Abbott backs ‘free speech’ for the powerful

August 8, 2012
Issue 

Opposition leader Tony Abbott says he wants to open a “new debate about freedom of speech”. But Abbott is most interested in defending “free speech” for Australia’s rich and powerful at the expense of oppressed and marginalised groups.

In an August 6 speech hosted by right-wing think tank the Institute of Public Affairs, Abbott spoke out for the “freedoms” of Australia’s richest person and the most-read columnist from Australia’s biggest media corporation.

He defended mining billionaire Gina Rinehart’s drive to take over Fairfax Media and said a Coalition government would revoke a key anti-discrimination law under which News Limited columnist Andrew Bolt was found guilty of vilifying Aboriginal people.

Abbott’s defence of Rinehart’s bid to turn Fairfax into a mining industry mouthpiece is nothing new. It fits with the corporate media’s self-serving agenda to limit the definition of “media freedom” to the right of the super-rich to decide what news we are allowed to see and hear.

This pro-corporate view of media freedom includes the “freedom” to distort facts and manipulate public opinion for commercial advantage. It also includes the “freedom” to sack or exclude journalists and opinions that do not suit commercial interests.

Abbott also said section 18C of the Racial Discrimination Act was a “threat to freedom of speech” and promised to repeal it if he takes government. The section makes it unlawful to “offend, insult, humiliate or intimidate” people on the basis of their race or ethnicity.

Last year, Bolt was found guilty of racial discrimination under this section of the act. The columnist wrote two articles that named 18 Aboriginal people and implied they had pretended to be Aboriginal for financial or political advantage.

Abbott said this section was just a “hurt feelings” test, which should not trump Bolt’s right to “cause offence” or “write badly or rudely”.

But in his ruling on Bolt’s case, Justice Mordecai Bromberg noted that section 18D of the same act “exempts from being unlawful conduct [that] which has been done reasonably and in good faith”.

He found Bolt’s articles were racist not because they discussed the racial identification of a group of people, but because they did so in a way that disparaged that group on racial grounds.

As Aboriginal leader Pat Eatock, the lead claimant in the case against Bolt, told Green Left Weekly after the judgement: “It’s tragic that we’re led to believe that ‘free speech’ means you can say anything discriminatory. Justice Bromberg’s ruling did not deny free speech to anyone.

“He said that you cannot base opinion on racial prejudice. You have to have facts to support what you write. It’s about professional journalism.

“Bolt can say what he wants.
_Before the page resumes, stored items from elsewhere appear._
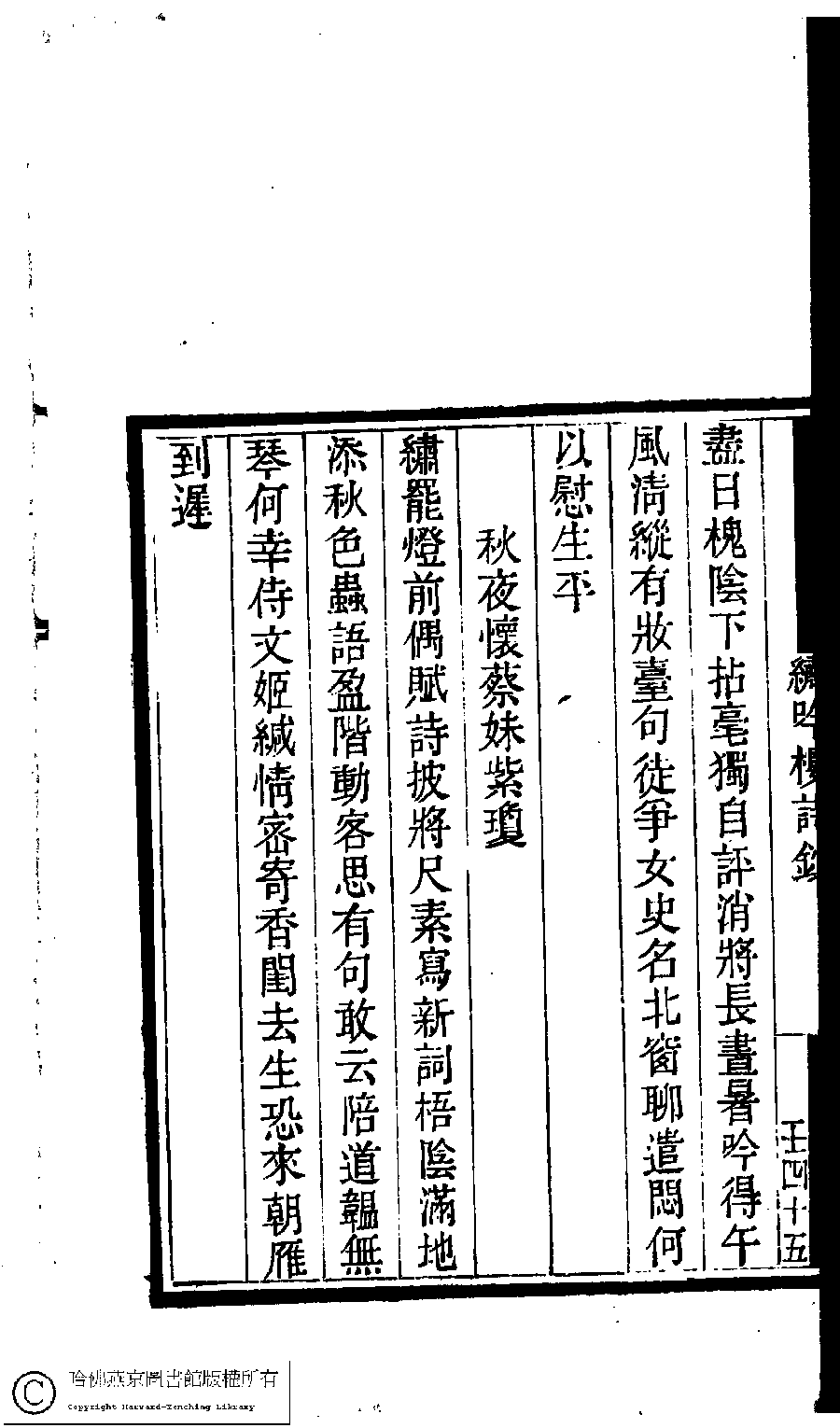 | Appears in: Guo chao gui ge shi chao: 100 zhong 100 juan (edited by Cai Dianqi, Qing dynasty): Xiu yin lou shi chao: 1 juan |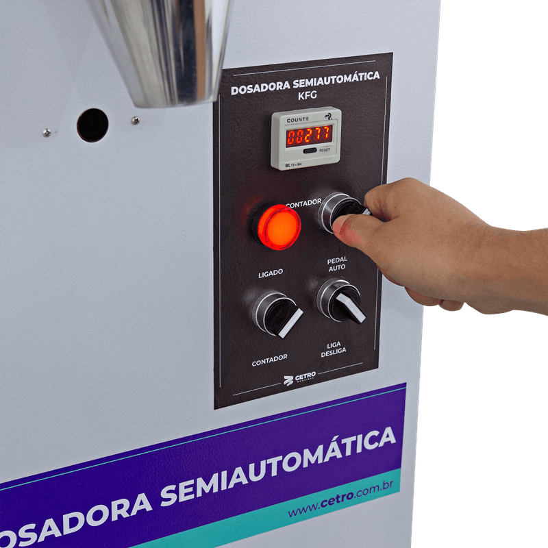 O ajuste da medida de dosagem feito por caneca é simples e garante que a máquina consiga dosar sempre a mesma quantidade, evitando grandes variações no volume dosado e desperdício de produtos. Seu modo de operação é acionado por pedal, o que é facilmente controlado pelo operador, tornando o processo de escoamento do produto muito mais prático.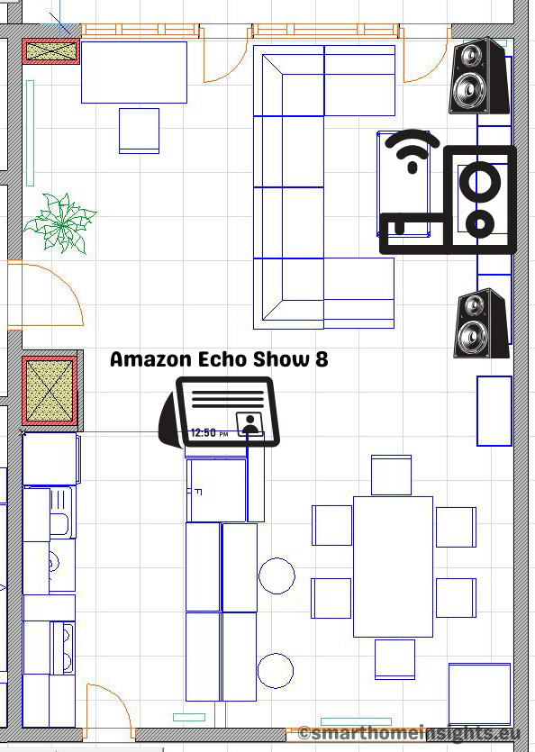 U našem domu dnevni boravak, kuhinja i blagovaona čine jedan (open-space) prostor. Kao primarni i jedini glasovni pomoćnik u tom prostoru koristimo Amazon Echo Show 8, a koji se fizički nalazi otprilike na sredini prostora: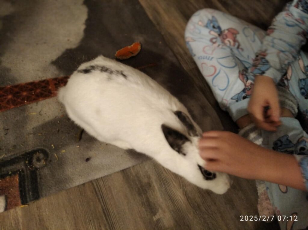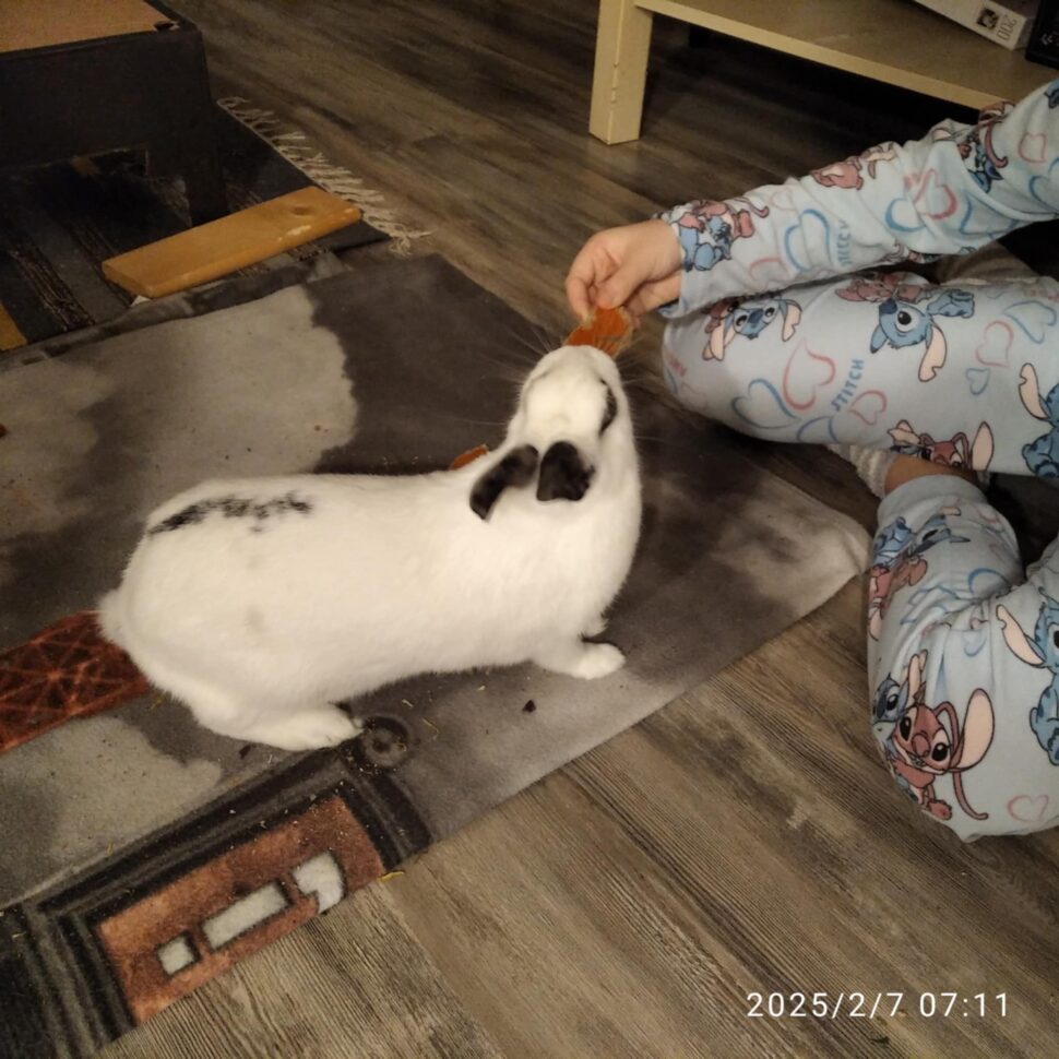 a tak jsme si více než před rokem přivezli zakrslého králíčka. Naše obavy spojené s povinnostmi s pejskem se však naplnili ve chvíli, kdy jsme zjistili, že o králíka se nemá zájem také příliš starat. Říká, že její péče spočívá v tom, že se s ním mazlí a hladí 🙂. Když se nad tím zamýšlím, tak je to vlastně to nejvíc, co si vzájemně mohou dát – bezpodmínečnou lásku.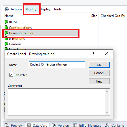 För er som undrar hur man gör en label, så gör man det i valvet, markera den fil eller mapp du vill ge en label, klicka på modify och gå ner till Label.

He can have an opinion, but he has to be answerable to that.”

Abbott’s promise to repeal section 18C of the Racial Discrimination Act is not about defending the right to free speech or even the right to “cause offence”. Rather, it’s about legalising and legitimising racism in the media and in society.

Comments

he needs to speak up a bit or get his head out of his arse.
Once upon a time progressives used to believe in freedom of speech.
This article conveniently omitted the following from Justice Mordecai Bromberg's verdict where he found that "fair-skinned Aboriginal people (or some of them) were reasonably likely, in all the circumstances, to have been offended, insulted, humiliated or intimidated by the imputations conveyed in the newspaper articles" published in the Herald Sun. If it was a question of truthfulness they could have easily used existing libel laws. One of the reasons Andrew Bolt lost under Section 18C of the Racial Discrimination Act was because some people were offended by his views. We all get offended by other opinions but that is no reason to gag people from expressing their views no matter how wrong or offensive. The alternative is to silence debate and let issues fester away - not exactly healthy for a democracy.
Which means you are only in favour of free speech unless someone is rich enough to use libel laws to sue people. So, that is actually only a very limited defence of freedom of speech. That you say we should be more principled than you, and ignore Australian law, in favour of such a principled position where Aboriginal people should hold back from using the law says that you are okay with the powerful using this rather than the powerless. Unless you are in favour of removing ALL libel or slander laws, singling this case out speaks more about who you want to have speech than your support for speech in general. If I write an inaccurate article, even if just because I failed to research it properly, I can be sued by anyone with the power to hire lawyers and prove that it could cost them - a requirement of libel laws. An inaccurate article that has "offended, insulted, humiliated or intimidated" would not necessarily "cost" people, so the Racial Discrimination Act was used instead. The inaccuracy and lack of research or fact-checking is still central to the ruling. tl;dr: Your concern trolling is pathetic and hypocrtical.